*** Opening Provided records ***

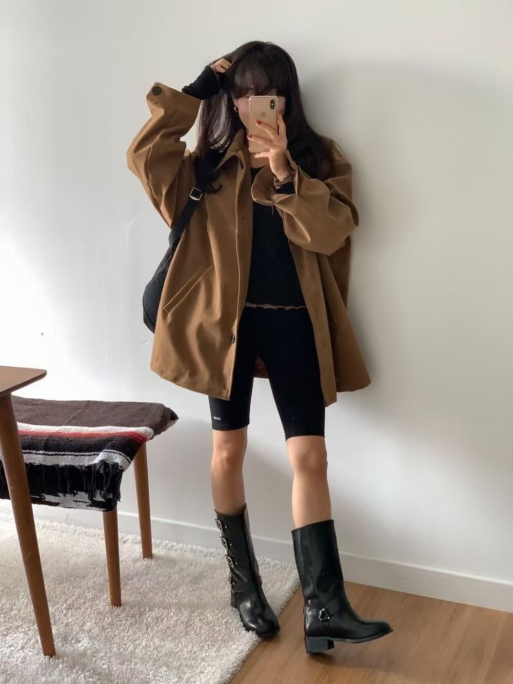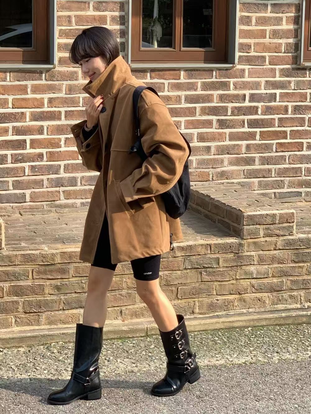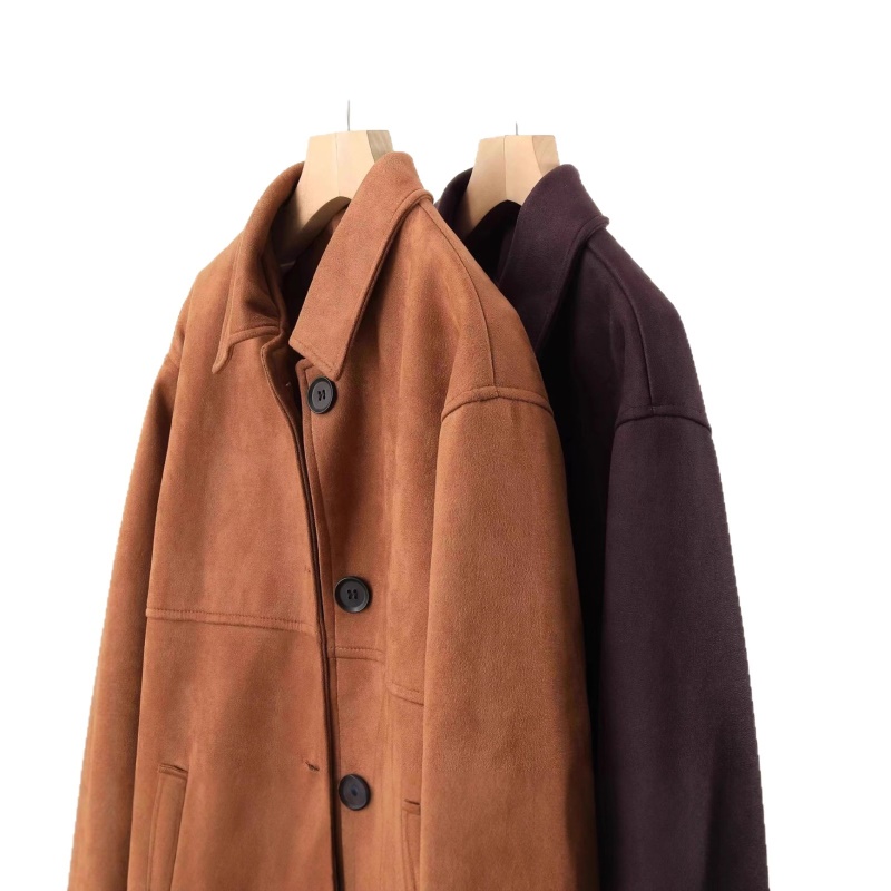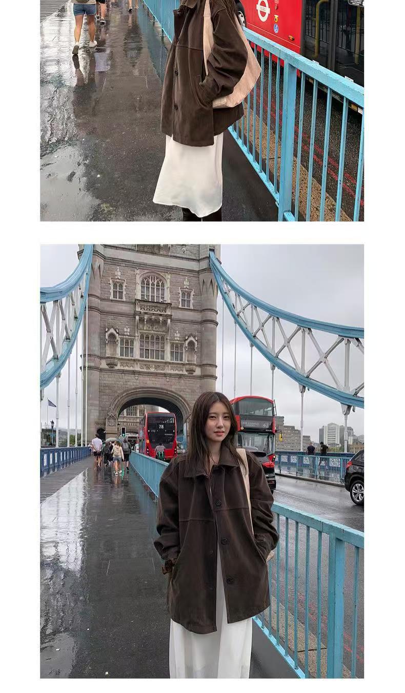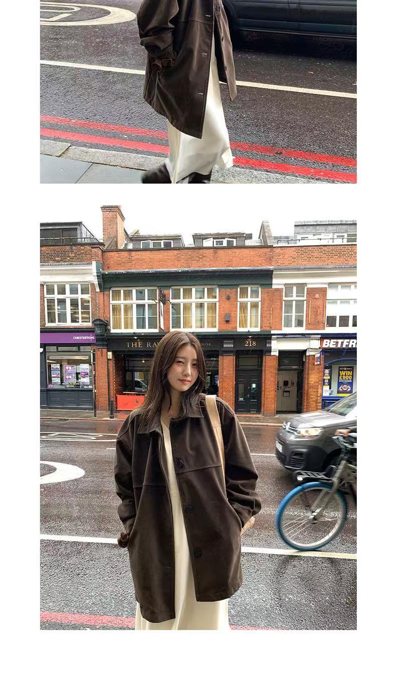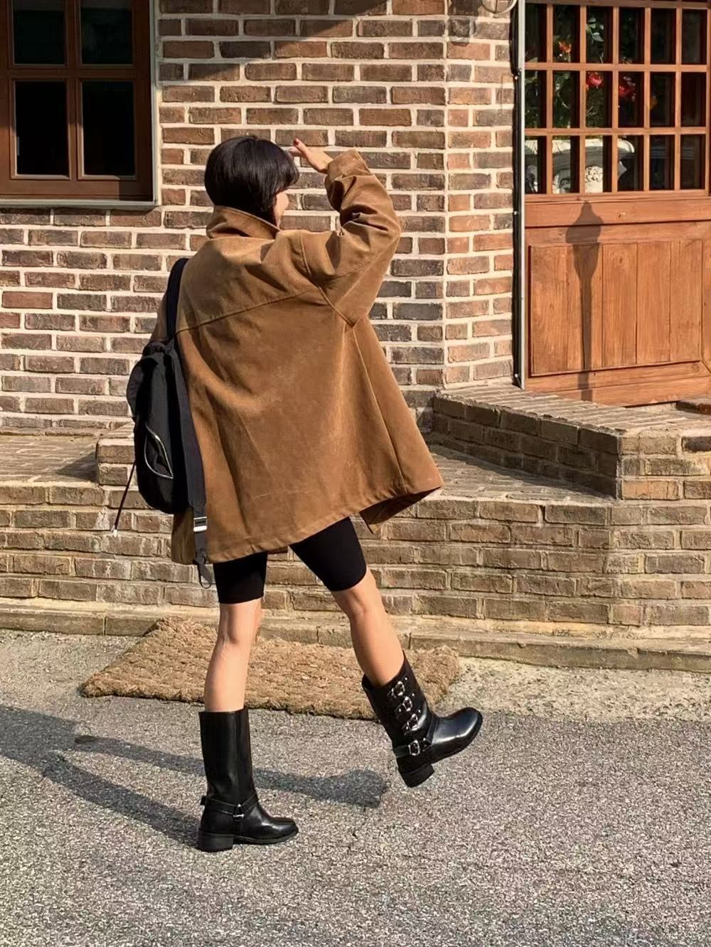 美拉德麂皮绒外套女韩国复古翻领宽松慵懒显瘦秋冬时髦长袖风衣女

*** Closing Provided records ***
*** Opening Provided records ***

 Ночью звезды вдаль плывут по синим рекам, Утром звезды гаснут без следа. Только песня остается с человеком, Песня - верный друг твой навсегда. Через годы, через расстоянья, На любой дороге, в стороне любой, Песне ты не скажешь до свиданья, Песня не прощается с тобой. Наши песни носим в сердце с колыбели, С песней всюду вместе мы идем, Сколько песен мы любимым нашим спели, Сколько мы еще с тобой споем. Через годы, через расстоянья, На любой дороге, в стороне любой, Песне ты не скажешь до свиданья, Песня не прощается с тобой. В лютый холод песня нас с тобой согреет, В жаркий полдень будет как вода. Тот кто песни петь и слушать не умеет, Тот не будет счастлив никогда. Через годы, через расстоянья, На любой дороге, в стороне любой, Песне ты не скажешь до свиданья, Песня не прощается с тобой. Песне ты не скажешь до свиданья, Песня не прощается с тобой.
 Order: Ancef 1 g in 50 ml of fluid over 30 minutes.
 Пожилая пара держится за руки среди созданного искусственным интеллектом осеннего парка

*** Closing Provided records ***

_Aim of the exercise_:
Reproduce exactly the lines above from the line with "Ночью звезды вдаль" to the line with "Пожилая пара держится", including both, and add nothing.

_Solution to the exercise_:
 Ночью звезды вдаль плывут по синим рекам, Утром звезды гаснут без следа. Только песня остается с человеком, Песня - верный друг твой навсегда. Через годы, через расстоянья, На любой дороге, в стороне любой, Песне ты не скажешь до свиданья, Песня не прощается с тобой. Наши песни носим в сердце с колыбели, С песней всюду вместе мы идем, Сколько песен мы любимым нашим спели, Сколько мы еще с тобой споем. Через годы, через расстоянья, На любой дороге, в стороне любой, Песне ты не скажешь до свиданья, Песня не прощается с тобой. В лютый холод песня нас с тобой согреет, В жаркий полдень будет как вода. Тот кто песни петь и слушать не умеет, Тот не будет счастлив никогда. Через годы, через расстоянья, На любой дороге, в стороне любой, Песне ты не скажешь до свиданья, Песня не прощается с тобой. Песне ты не скажешь до свиданья, Песня не прощается с тобой.
 Order: Ancef 1 g in 50 ml of fluid over 30 minutes.
 Пожилая пара держится за руки среди созданного искусственным интеллектом осеннего парка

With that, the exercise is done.